Vegetarian diet and converting to vegetarian diet may protect against diabetes independent of BMI among Taiwanese.

Introduction

The rapid growth of diabetes creates tremendous health and economic burdens worldwide¹. In Taiwan, diabetes patients incur 2.8 times more medical expense than matched non-diabetes individuals, and used up 29% of total healthcare expenditure², while high blood glucose accounts for the highest adult mortality among major metabolic, lifestyle, and environmental factors³. Preventive strategies are desperately needed, particularly in Asia, where the largest number of diabetes cases is expected¹, and diabetes tend to occur despite lower BMI⁴.

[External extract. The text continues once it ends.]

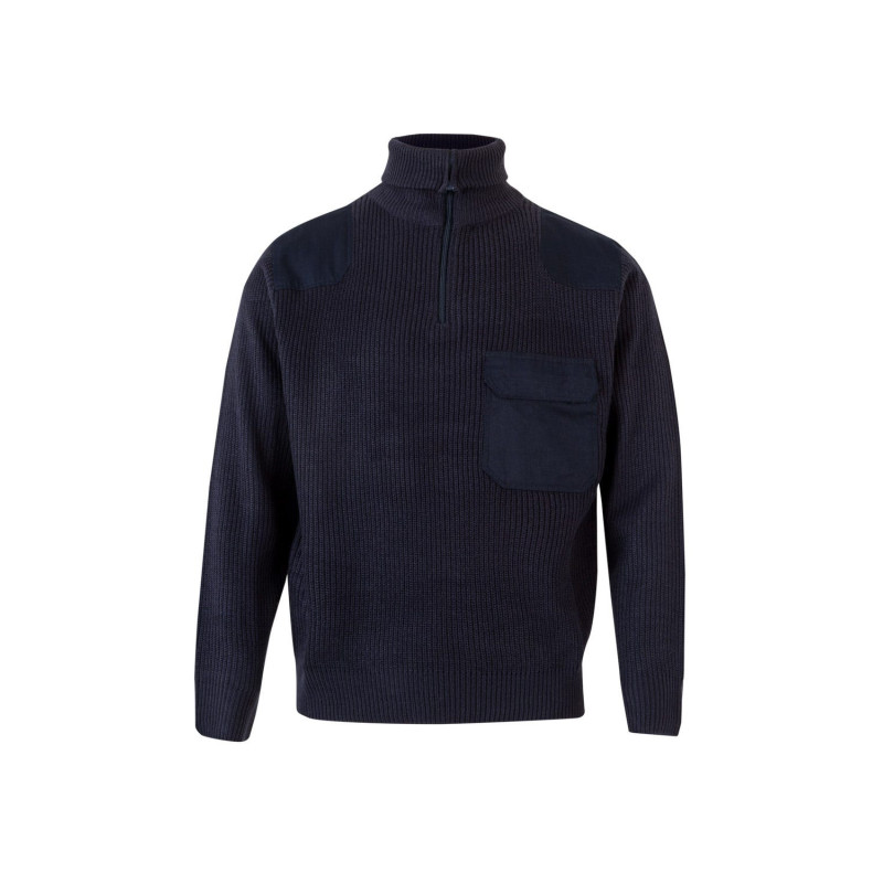Tratamiento antipilling Cuello alto con cremallera Refuerzo de tejido en hombros y codos Cuello, puños y cinturilla de canalé Un bolsillo: 1 bolsillo de parche en el pecho, con velcro y abertura en la tapeta para bolígrafo Composición PUNTO CANALÉ. 100% ACRÍLICO 7 GSM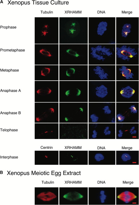 (A) The localizations of XRHAMM (green), tubulin (red), and DNA (blue) throughout the cell cycle in Xenopus XTC tissue cells. XRHAMM associates with microtubules during prophase and metaphase, with higher concentrations near the spindle pole. During anaphase, XRHAMM is undetectable in the spindle midzone, but during telophase, it is not on the mitotic spindle. During interphase, XRHAMM concentrates as puncta that colocalize with the centriole marker centrin, indicating that it localizes to the centrosome.

Diabetes is driven by impaired insulin action (insulin resistance) and insulin secretion (islet dysfunction and incretin failure), co-influenced by genetics and environment⁵. While diabetes in Caucasian is highly attributed to obesity and insulin resistance, emerging evidence suggests that β-cell dysfunction may be more predictive of diabetes in East Asians⁶. In fact, Japanese with normal glucose tolerance already showed an insulin secretion ability similar to Caucasian diabetes patients⁷. The potential pathophysiological difference warrants research on population-specific preventive strategies.

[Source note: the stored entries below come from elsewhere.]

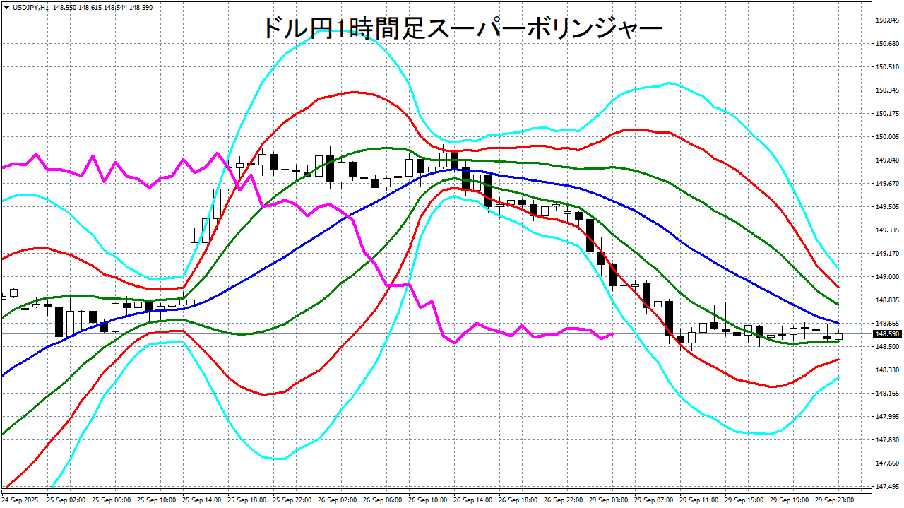 添付チャートは、ドル円の1時間足をスーパーボリンジャーで表示したチャートです。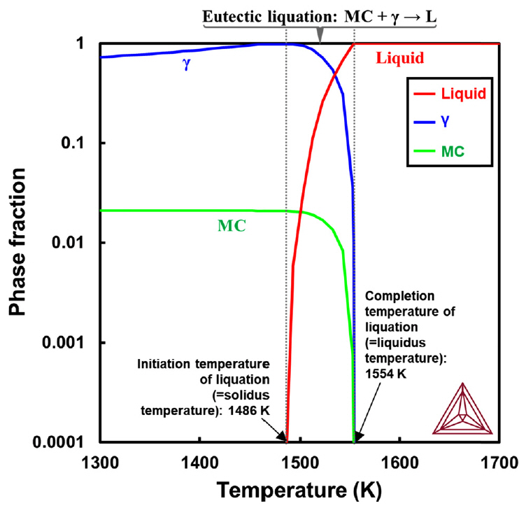 분율은 감소하고 액상 분율은 증가하는, 즉 MC+γ→L의 공정반응을 나타낸다. 즉 그림 11에서 설명한 공정반응 기반의 조성적 액화 현상이 액화 균열이 발생한 γ/MC 경계에 존재하는 것으로 확인되었으며, 그로 인해 용접 승온 시의 액화시작온도(=고상선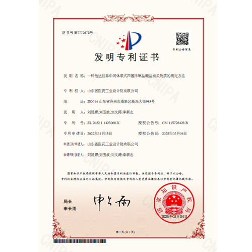 发明专利:一种他达拉非中间体顺式四氢咔啉盐酸盐有关物质的测定方法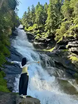 4. 白龙瀑:使用慢速快门拍摄丝滑的水流效果,穿着亮色户外服装增加对比度。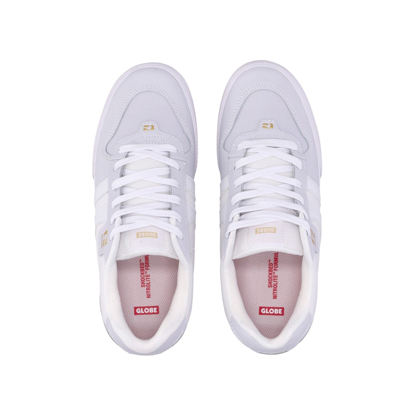 Globe logo on the label sewn on the tongue, on the heel reinforcement and rubberized on the sides and midsole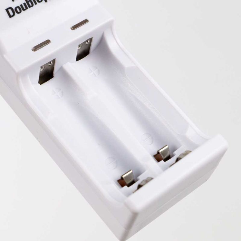 Fitur 2 Slot Baterai Charger baterai Doublepow ini memiliki 2 buah slot untuk baterai jenis AA dan AAA yang dapat diisi secara bersamaan untuk menghemat waktu.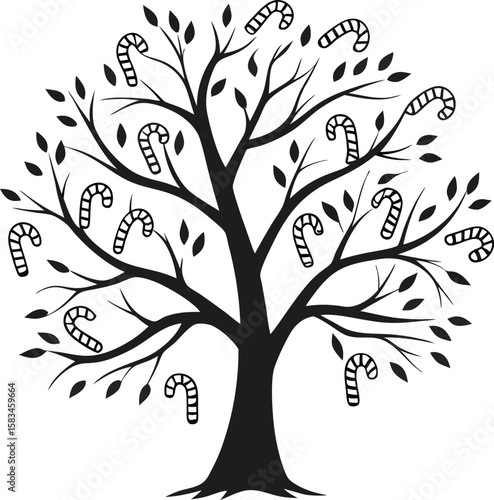 Obraz premium Abstract vector tree with birds, a nature-inspired design with floral...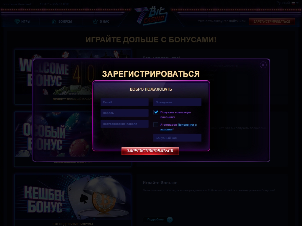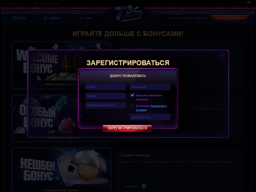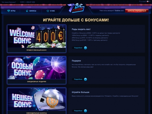 - Приветственный бонус предлагается на три первых депозита, которые новый игрок вносит после регистрации. Это 100% бонус до 200 евро или 1.5 биткойнов, 25% бонус до 75 евро или 0.5 биткойна и 50% бонус до 125 евро или 1 биткойна. Отыгрывать их нужно в двадцать раз по общим правилам, которые объясняются в специальном разделе.

Vegetarian diets⁸ and plant-based dietary patterns⁹ have been shown to dramatically reduce diabetes risks in American populations, but their effect in Asians is less clear. Unlike in Westerns, the effect of meat and fish on diabetes is inconsistent in Asians^10–13, and may be modified by BMI^{12, 14}. Whether complete avoidance of meat and fish is necessary to boost protection for diabetes remains puzzling, as Asians tend to be leaner and consume less meat than Westerners. Our primary aim is to examine the association between a vegetarian diet, converting from a nonvegetarian to a vegetarian dietary pattern, and diabetes risk in a prospective cohort study. Our secondary aim is to explore potential interaction between dietary patterns and baseline metabolic status (BMI, metabolic syndrome, and other metabolic characteristics).

Methods

Study design and population

The Tzu Chi Health Study (TCHS) is a prospective cohort study that recruited 4625 Tzu Chi volunteers (age 18 to 87 years) from 2007 to 2009 at the Buddhist Dalin Tzu Chi Hospital. Tzu Chi volunteers are devoted Buddhists who volunteer regularly for the Buddhist Tzu Chi Foundation for a variety of charity works and disaster relief. Many nonvegetarian volunteers converted to vegetarian in the year 2011 due to a religious event. Because the nonvegetarians consumed only small amount of meat (median intake per day, women: 10 g, men: 22 g) and fish (median intake per day, women: 6 g, men: 15 g)¹⁵, this cohort is equipped with a unique opportunity to distinguish disease risk between true vegetarians and those with little to modest meat consumption.

Participants were followed from 2010 to 2012 (first follow-up), and from 2013 to mid-2016 (second follow-up). Every three years, a post-card was sent to invite each participant for a follow-up health examination during which participants also fill out a questionnaire on disease diagnosis. Participants who did not return for health examination by the end of 2015 were sent a follow-up questionnaire in May 2016 to assess their dietary practices and disease conditions (for each disease, choices includes: ‘no’, ‘yes’, ‘not sure’, and the time of diagnosis). If the questionnaire was not returned within a month, a research assistant called the participants to interview this questionnaire. The study was approved by the Institutional Review Board for ethics in the Buddhist Dalin Tzu Chi Hospital. All participants gave written informed consents. The study has been registered at ClinicalTrials.gov (ID: NCT: 03204552).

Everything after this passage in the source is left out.